Calgary Herald

Election case ‘difficult task’ for lawyer

- STEPHEN MAHER AND GLEN MCGREGOR

The lawyer leading the robocalls election case acknowledg­ed Tuesday that he faces a challenge proving voters were disenfranc­hised without evidence that “there are ballots that aren’t in the ballot box.”

Steven Shrybman, the lawyer for eight voters who want the Federal Court to overturn the election results in six ridings, told Judge Richard Mosley that he is “up against the difficult task of proving the negative.”

But Shrybman said the evidence shows that people across the country were stopped from voting by misdirecti­ng or harassing calls.

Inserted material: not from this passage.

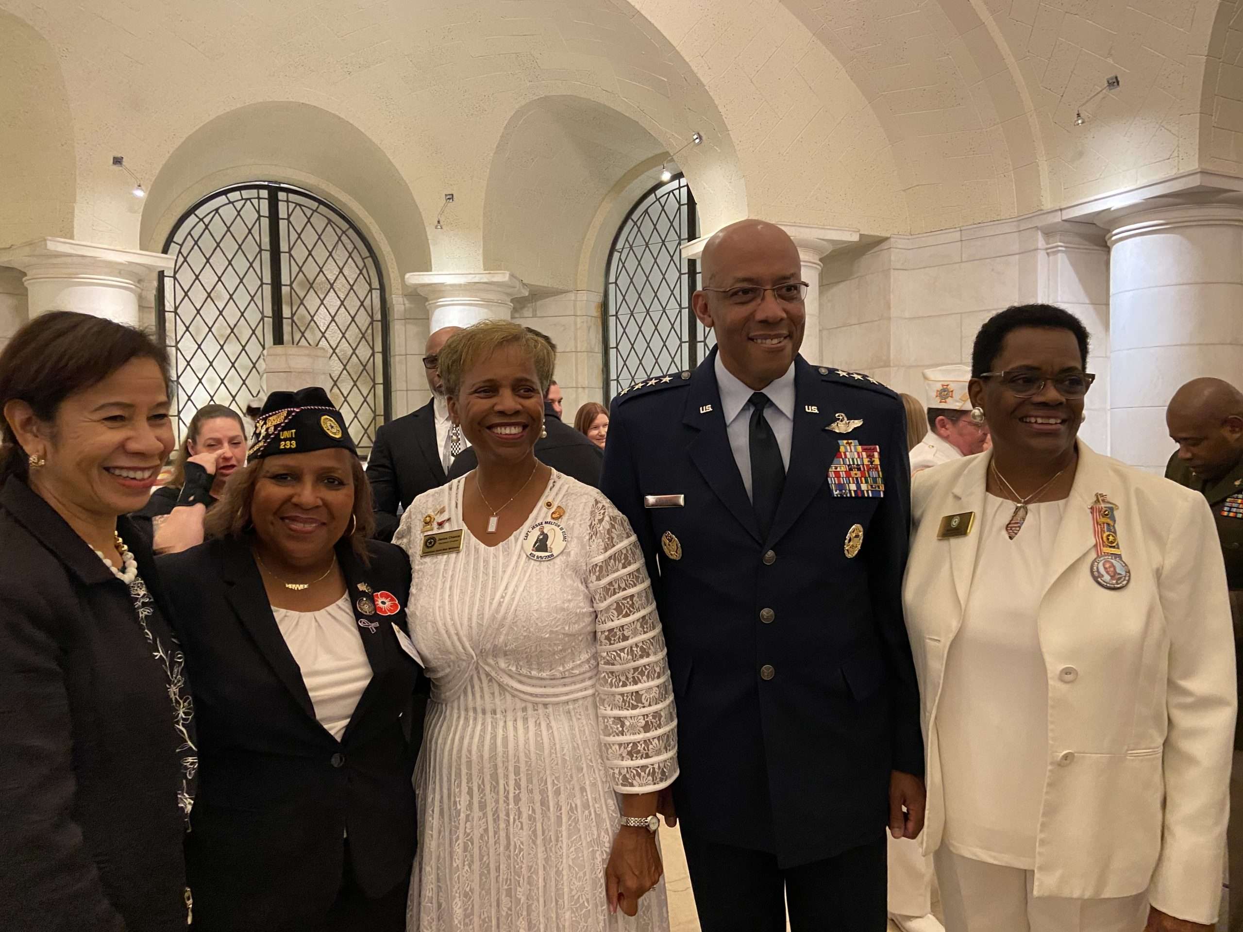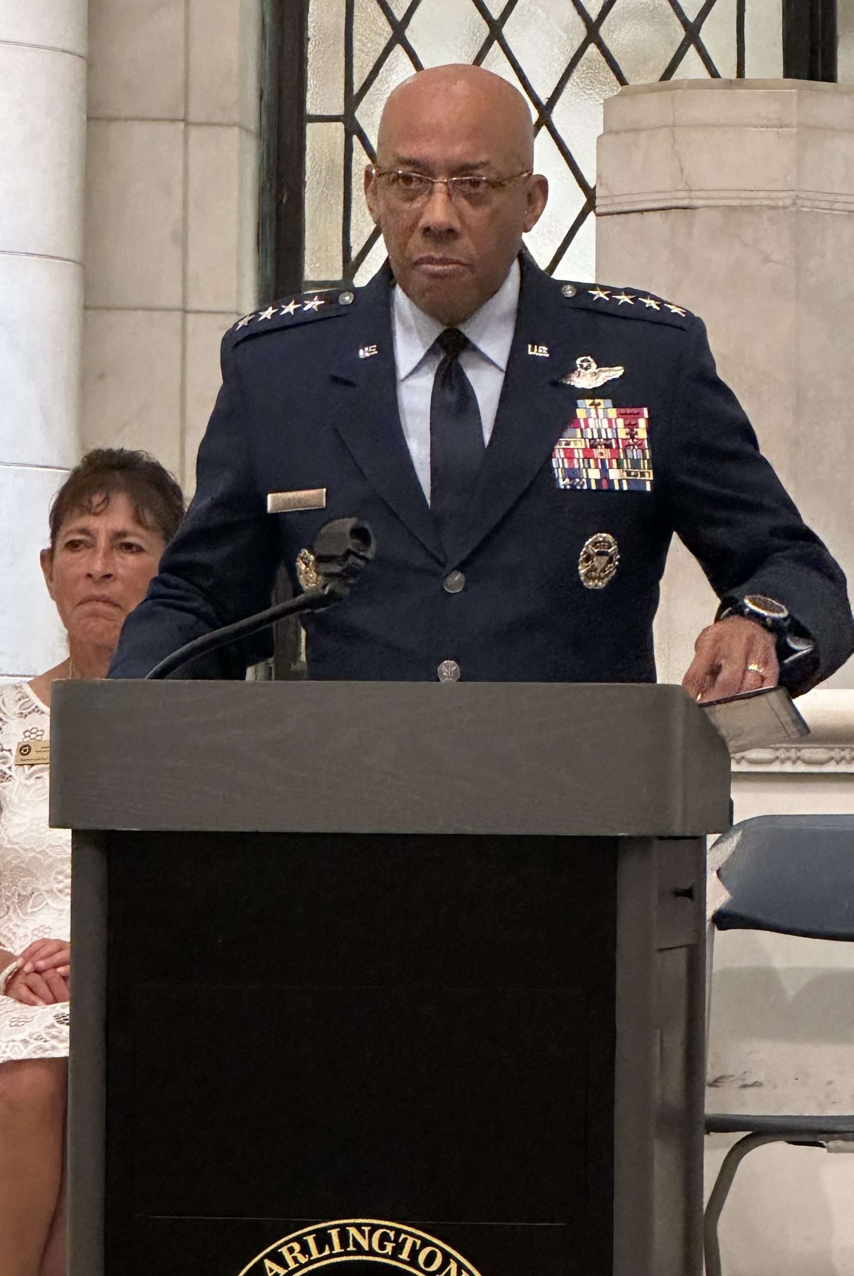 A beautiful wreath was laid at the Tomb of the Unknown soldier by AGSM’s President, Patti Elliott as she was accompanied by her son, Brad. After the wreath laying ceremony, attendees were invited in the Amphitheater for the Commemoration Ceremony. The ceremony began with a rendition from the U.S. Army Band “Pershing’s Own” brass quintet. Immediately following the processional of the National Executive Board, the ceremony began with the presentation of colors, national anthem, and the pledge of allegiance. As a ceremonial tradition, the National Secretary for AGSM, Theresa Karlson, read the Proclamation as declared by the President of the United States and as approved by Congress on June 23, 1936. Patti welcomed all the guests and dignitaries before she introduced the keynote speaker, General Charles Q. Brown, Jr., the 21st Chairman of the Joint Chiefs of Staff.

He urged the judge to consider the numerous complaints described in internal Elections Canada emails and others itemized in sworn statements from agency investigat­ors that detailed alleged voter-suppressio­n calls reported in more than 240 ridings.

“There is no loaded gun,” he admitted. “We have not been able to adduce for this court electors who didn’t vote, let alone large numbers of them.”

Instead, Shrybman said the judge should consider similar stories from voters across the country that are consistent with those in the six cases before the court.

Shrybman pointed to a voter in the Quebec riding of Rivière-du-Nord — not one of the ridings at issue — who complained to Elections Canada that he received three automated calls telling him his polling station had changed and who ultimately did not vote in the May 2, 2011 election.

This complainan­t is the first on the public record to say his franchise was affected by a misleading call, although an Elections Canada investigat­or has reported that some voters in Guelph tore up their voting cards in frustratio­n when directed to the wrong poll.

For months — and as recently as Monday — the Conservati­ves have rebutted allegation­s about the robocalls scandal by claiming not a single person lost his or her franchise.

But to Shrybman, there is clear evidence of a countrywid­e effort to discourage voters.

“A person or person unknown engaged in fraudulent activities intended to affect the results of the election in the six electoral districts at issue,” Shrybman told the court. “A direct assault has taken place on the first building block of the democratic society, the right to vote.”

To prove that, he said, it is not necessary to show who carried out fraudulent activities, merely that they took place.